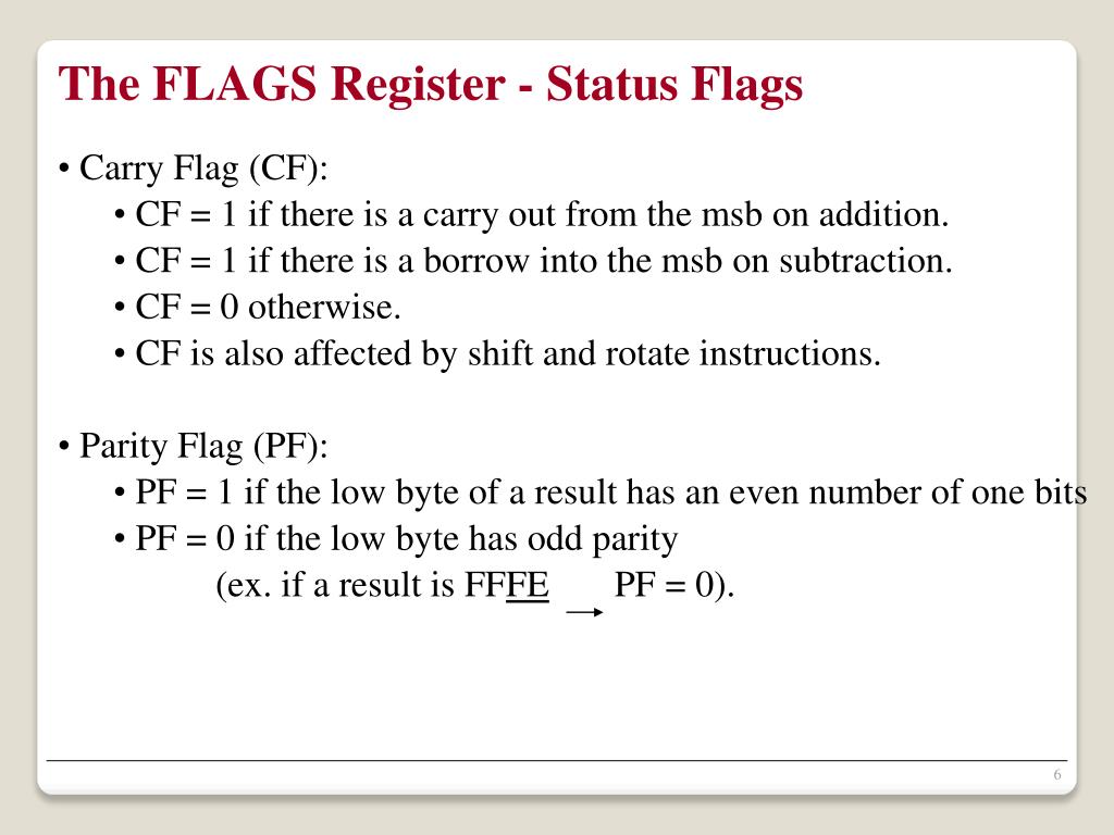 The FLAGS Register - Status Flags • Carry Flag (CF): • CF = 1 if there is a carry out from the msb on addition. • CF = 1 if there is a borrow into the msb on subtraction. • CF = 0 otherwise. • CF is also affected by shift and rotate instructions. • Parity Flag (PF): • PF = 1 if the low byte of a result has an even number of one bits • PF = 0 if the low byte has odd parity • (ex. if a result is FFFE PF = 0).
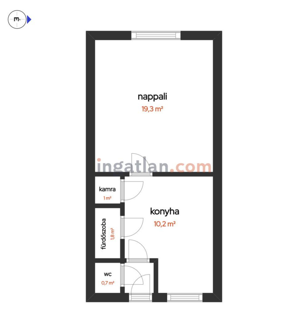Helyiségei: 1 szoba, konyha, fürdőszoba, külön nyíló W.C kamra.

* * *

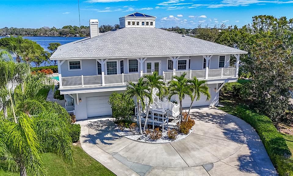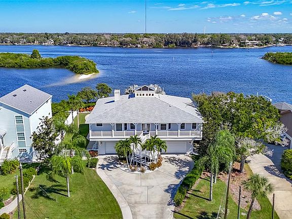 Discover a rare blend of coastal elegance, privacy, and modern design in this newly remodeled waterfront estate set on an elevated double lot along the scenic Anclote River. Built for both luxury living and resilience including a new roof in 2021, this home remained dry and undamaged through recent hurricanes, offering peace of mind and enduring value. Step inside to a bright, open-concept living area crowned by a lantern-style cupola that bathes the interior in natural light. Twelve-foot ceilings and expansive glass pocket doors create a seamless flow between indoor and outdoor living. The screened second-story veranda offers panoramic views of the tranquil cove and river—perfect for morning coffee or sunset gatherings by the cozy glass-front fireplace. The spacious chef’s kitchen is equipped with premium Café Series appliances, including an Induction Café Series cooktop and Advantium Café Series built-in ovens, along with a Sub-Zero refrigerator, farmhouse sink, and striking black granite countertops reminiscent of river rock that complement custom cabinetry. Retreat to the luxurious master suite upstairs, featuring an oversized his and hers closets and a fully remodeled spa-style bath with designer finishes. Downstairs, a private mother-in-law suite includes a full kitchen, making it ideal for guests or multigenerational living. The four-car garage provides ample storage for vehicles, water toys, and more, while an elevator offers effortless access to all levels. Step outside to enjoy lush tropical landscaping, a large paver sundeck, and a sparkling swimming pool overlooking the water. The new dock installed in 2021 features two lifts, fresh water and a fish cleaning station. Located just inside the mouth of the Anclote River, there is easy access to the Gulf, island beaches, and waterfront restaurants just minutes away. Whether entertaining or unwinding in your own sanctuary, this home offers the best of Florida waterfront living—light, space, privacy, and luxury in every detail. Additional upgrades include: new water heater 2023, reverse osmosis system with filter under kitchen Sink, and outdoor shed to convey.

==

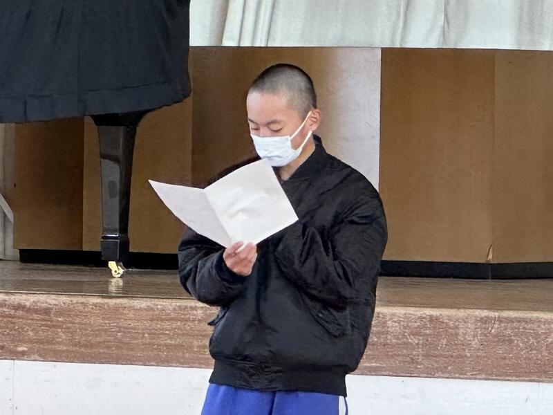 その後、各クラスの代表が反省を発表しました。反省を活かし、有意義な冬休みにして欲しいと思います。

→ **PROBLEM**: Find the line with "The FLAGS Register" and the line with "Helyiségei: 1 szoba, konyha, fürdőszoba, külön" in the records above. Copy both and all lines between them exactly, without pictures.

→ **SOLUTION TO THIS TASK**:
 The FLAGS Register - Status Flags • Carry Flag (CF): • CF = 1 if there is a carry out from the msb on addition. • CF = 1 if there is a borrow into the msb on subtraction. • CF = 0 otherwise. • CF is also affected by shift and rotate instructions. • Parity Flag (PF): • PF = 1 if the low byte of a result has an even number of one bits • PF = 0 if the low byte has odd parity • (ex. if a result is FFFE PF = 0).
Helyiségei: 1 szoba, konyha, fürdőszoba, külön nyíló W.C kamra.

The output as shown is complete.